Source material:

○ ○ ○ ○

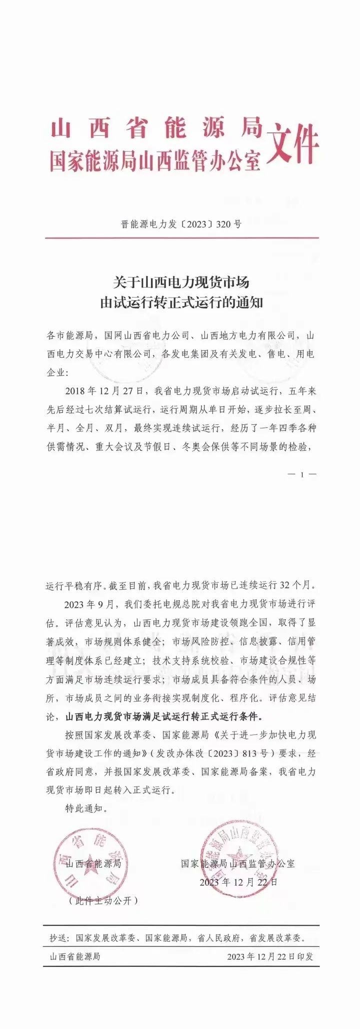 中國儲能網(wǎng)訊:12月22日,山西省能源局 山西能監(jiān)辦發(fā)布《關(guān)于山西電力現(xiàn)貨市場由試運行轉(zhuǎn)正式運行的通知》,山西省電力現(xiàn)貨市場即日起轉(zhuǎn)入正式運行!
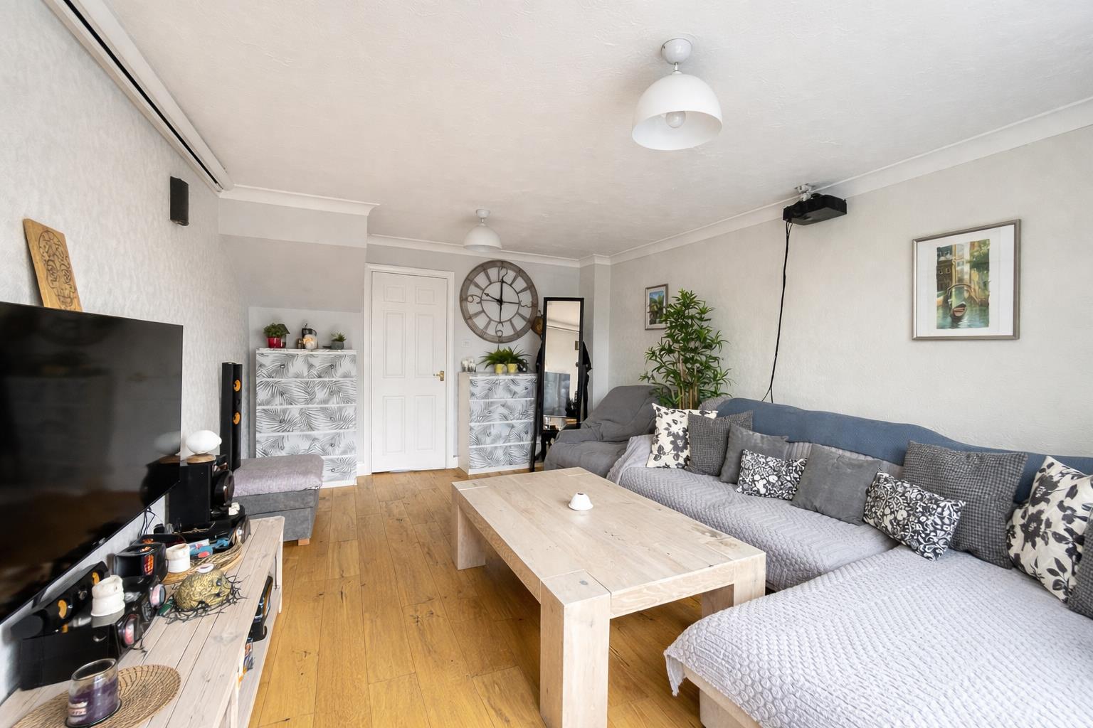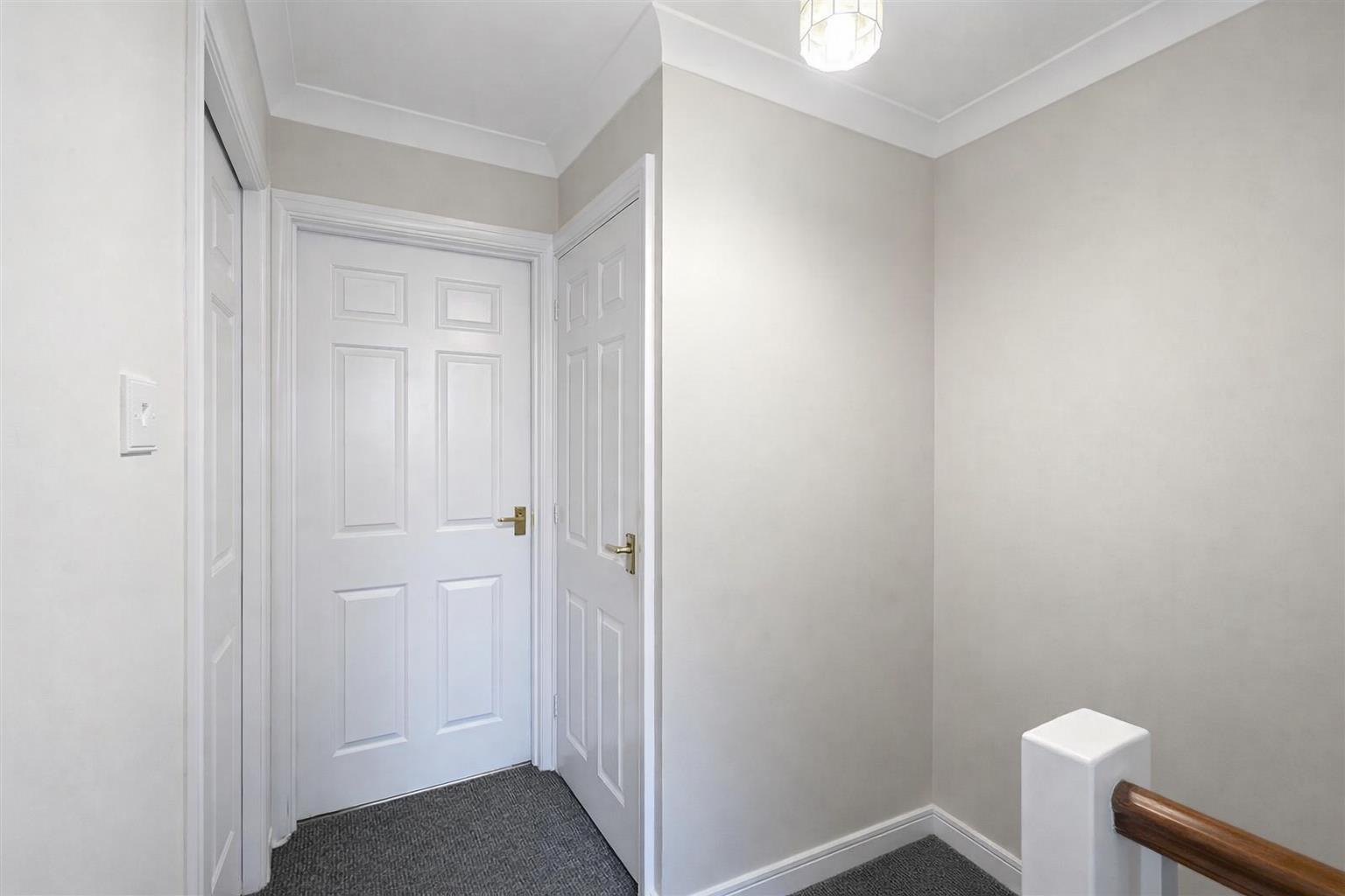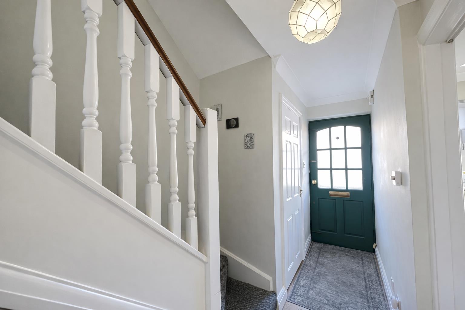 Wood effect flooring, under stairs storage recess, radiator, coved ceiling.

○ ○ ○ ○

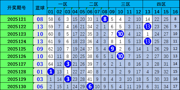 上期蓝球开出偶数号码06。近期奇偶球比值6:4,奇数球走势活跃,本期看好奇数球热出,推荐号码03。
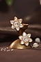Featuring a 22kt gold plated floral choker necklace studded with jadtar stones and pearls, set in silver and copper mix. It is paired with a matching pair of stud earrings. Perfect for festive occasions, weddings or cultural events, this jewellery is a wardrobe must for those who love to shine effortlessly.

○ ○ ○ ○

What you have to do: Between and including the line above that contains "上期蓝球开出偶数号码06。近" and the line that contains "Featuring a 22kt", restate every line word for word. Pictures stay out.

Reply to the task:
 上期蓝球开出偶数号码06。近期奇偶球比值6:4,奇数球走势活跃,本期看好奇数球热出,推荐号码03。
Featuring a 22kt gold plated floral choker necklace studded with jadtar stones and pearls, set in silver and copper mix. It is paired with a matching pair of stud earrings. Perfect for festive occasions, weddings or cultural events, this jewellery is a wardrobe must for those who love to shine effortlessly.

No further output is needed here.